メルセデス-AMG「GT 4ドアクーペ」は、直列6気筒モデルを狙え

メルセデス-AMGのフラッグシップである「GTクーペ」の4ドアモデルともいえる「GT 4ドアクーペ」に、直列6気筒エンジンを搭載した「GT 53 4MATIC +」がラインナップされた。V型8気筒エンジンではないGTの存在意義とは。

見栄えもよくてちょうどいいのが「GT 53 4MATIC +」

 メルセデス-AMG社の独自開発車両といえば、2シーターの「メルセデス-AMG GT」が思い起こされるが、そのセダン版ともいえるのが「メルセデス-AMG GT 4ドアクーペ(以下AMG GT 4ドアクーペ)」だ。

 AMG GT 4ドアクーペには、4リッターV型8気筒エンジンを搭載した「GT 63 S 4MATIC(以下GT 63 S)」と3リッター直列6気筒エンジンを搭載した「GT 53 4MATIC +(以下GT 53)」、「GT 43 4MATIC+(以下GT 43)」の3つのラインナップがあるが、AMGを積極的に購入検討している人には、じつはGT 53が狙い目だ。

AMGのトップモデルが纏う、縦にルーバーが入ったAMG専用ラジエターグリル

 AMG GT 4ドアクーペでGT 53を推す最大の理由に、車両価格がある。3つのラインナップの車両価格(消費税込)は次のとおりだ。

・GT 43:1198万円
・GT 53:1623万円
・GT 63 S:2397万円

 上位機種になるにつれ、ハイスペック&豪華装備が標準装備になるため、エンジンの違いだけでの価格差ではないことを付け加えておこう。GT 43にGT 53と同程度の装備をオプションで追加すると、さらに200万円ほどプラスとなり、両車の車両価格の差は縮まる。

 AMG GT 4ドアクーペを選ぶ人は、まずAMG独自のエクステリアデザインを気に入っている人たちだろう。AMGの4ドアクーペならば、「CLS 53 4MATIC」もラインナップにあるが、通常モデルのCLSとの差異は非常にわかりづらくなっている。

 ロングボンネットとふたつのパワードーム、上下方向に細く、幅の広いデザインのマルチビームLEDヘッドライト、縦にルーバーの入ったAMG専用ラジエターグリルなど、あきらかにAMG GTファミリーであることがわかるAMG GT 4ドアクーペは、「AMGを所有している」という満足感を得やすいクルマだ。

 コストパフォーマンスでいえば、GT 43がもっとも優れているように思われるが、AMGモデルを積極的に購入しようという人には、そのネーミングにひとつ大きな落とし穴がある。

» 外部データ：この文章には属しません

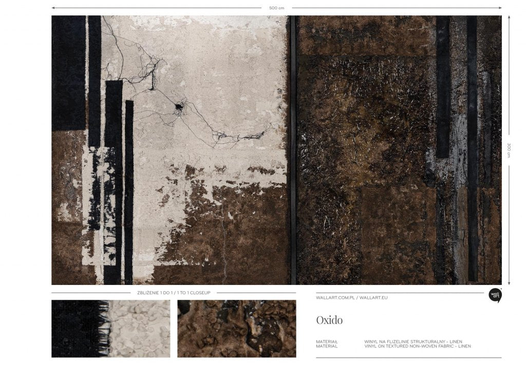 Paleta „Oxido” to połączenie intensywnych, rdzawych brązów, beżów i miedzianych tonów z kontrastującą czernią i off-white, które przywodzą na myśl rzeźbioną powierzchnię starego, zardzewiałego muru. Efekty patyny i przetarć wzmacniają wrażenie autentyczności i nadają kompozycji industrialnego charakteru.

 GT 43は直列4気筒エンジンを搭載したA45 Sよりも車格の上では格上なのだが、直列6気筒エンジンを搭載したGT 43の方が、ネーミングでは格下に見えるという矛盾である。
 
 A 45 Sは421馬力、GT 43は367馬力であるので、そもそもエンジン屋であるAMGとすれば当然のネーミングだろう。むしろA45 Sがいかに凄いクルマであるかという証明でもある。

 しかし、AMGのフラッグシップたるGTのセダン版として見ると、A 45 Sより格下に思われるのは心外だ。AMGを積極的に選ぶ人にとっては、このAMGファミリー内でのヒエラルキーは非常に大切なのだ。

 じつはGT 43とは、同門ではメルセデス・ベンツ「CLS 450 4MATICスポーツ」(車両価格1079万円)やポルシェ「パナメーラ4」(1283万3333円)などを購入検討している人にとっての競合車種であって、最初からAMGを指名買いする人が選ぶクルマではない、と考えるほうが妥当だろう。